Türkiye ve bölgesel yansımalar
COP30 kararları, Türkiye gibi gelişmekte olan ve iklim krizine karşı hassas ülkeler için stratejik mesajlar içeriyor.
- Adil Geçiş Fırsatı: Türkiye’nin Zonguldak, Soma, Yatağan gibi kömür madenciliğine dayalı ekonomileri için “Adil Geçiş Mekanizması” (3. Madde) kritik önem taşıyor. Bu mekanizma, Türkiye’nin bu bölgelerdeki istihdam dönüşümü için uluslararası fonlara erişimini kolaylaştırabilir.
- Uyum Fonu Gecikmesi: Akdeniz Havzası’nda yer alan Türkiye, kuraklık ve su stresiyle boğuşuyor. Uyum fonlarının 2035’e ertelenmesi (2. Madde), Türkiye’nin tarımsal sulama ve su yönetimi yatırımlarını kendi bütçesinden karşılamak zorunda kalacağını gösteriyor.
- Yeşil Dönüşüm Baskısı: Fosil yakıttan çıkışın “gönüllü” hale gelmesi (5. Madde), Türkiye üzerindeki uluslararası baskıyı kısa vadede azaltsa da, AB ile ticarette (Sınırda Karbon Düzenlemesi) yaşanacak zorlukları ortadan kaldırmıyor. Türkiye, ihracatını korumak için gönüllü de olsa bu dönüşümü yapmak zorunda.

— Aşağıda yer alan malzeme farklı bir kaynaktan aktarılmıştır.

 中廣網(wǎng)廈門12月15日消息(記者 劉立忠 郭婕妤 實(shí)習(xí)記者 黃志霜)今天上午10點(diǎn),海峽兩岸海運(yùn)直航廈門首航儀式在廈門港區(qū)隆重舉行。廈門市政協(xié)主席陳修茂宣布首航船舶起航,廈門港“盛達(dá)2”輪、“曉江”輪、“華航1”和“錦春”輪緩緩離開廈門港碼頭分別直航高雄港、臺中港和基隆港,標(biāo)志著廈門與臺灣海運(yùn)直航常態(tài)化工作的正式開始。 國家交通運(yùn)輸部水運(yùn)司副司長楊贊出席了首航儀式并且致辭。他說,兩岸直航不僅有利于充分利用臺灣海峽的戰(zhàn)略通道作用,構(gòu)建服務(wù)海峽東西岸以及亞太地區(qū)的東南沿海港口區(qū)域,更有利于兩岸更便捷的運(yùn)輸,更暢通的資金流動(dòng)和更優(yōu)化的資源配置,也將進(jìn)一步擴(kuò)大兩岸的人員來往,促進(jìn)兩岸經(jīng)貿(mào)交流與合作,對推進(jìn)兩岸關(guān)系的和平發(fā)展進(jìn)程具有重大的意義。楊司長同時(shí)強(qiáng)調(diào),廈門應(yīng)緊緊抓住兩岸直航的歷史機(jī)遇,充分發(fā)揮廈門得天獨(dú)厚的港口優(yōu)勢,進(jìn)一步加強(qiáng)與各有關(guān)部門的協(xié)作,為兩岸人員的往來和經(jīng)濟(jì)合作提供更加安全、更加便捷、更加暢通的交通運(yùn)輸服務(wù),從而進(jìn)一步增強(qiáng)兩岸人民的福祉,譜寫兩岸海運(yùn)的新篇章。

Diplomatik bir “zombi anlaşması”
COP30, “yaşayan ama yürümeyen” bir zombi anlaşması üretti. Çok taraflılık sistemi, petrol devletlerinin vetosu ve süper güçlerin ilgisizliği arasında sıkışıp kalarak işlevsizleşti. Uyum fonlarının artırılması veya adil geçiş mekanizması gibi “pansuman” tedbirler olumlu olsa da, asıl kanayan yara olan “fosil yakıt kullanımı” konusunda neşter vurulamadı.

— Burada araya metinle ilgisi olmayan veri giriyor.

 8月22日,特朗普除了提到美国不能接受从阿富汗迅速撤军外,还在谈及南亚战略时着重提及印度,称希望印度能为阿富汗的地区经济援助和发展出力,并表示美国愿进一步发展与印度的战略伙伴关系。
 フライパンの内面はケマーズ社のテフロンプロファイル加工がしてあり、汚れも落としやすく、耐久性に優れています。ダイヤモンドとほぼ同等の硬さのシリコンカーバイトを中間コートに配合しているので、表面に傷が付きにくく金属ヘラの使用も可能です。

Dünya, BM çatısı altındaki “oy birliği” (konsensüs) modelinin artık işlemediğini Belém’de acı bir tecrübeyle gördü. Gelecek, “herkesin anlaştığı zayıf metinler” yerine, “istekli ülkelerin oluşturduğu güçlü koalisyonlar” tarafından şekillendirilecek gibi görünüyor. Ancak atmosferin fiziği diplomasiyi beklemiyor; biz masada kelimeleri tartışırken, buzullar erimeye ve ormanlar yanmaya devam ediyor.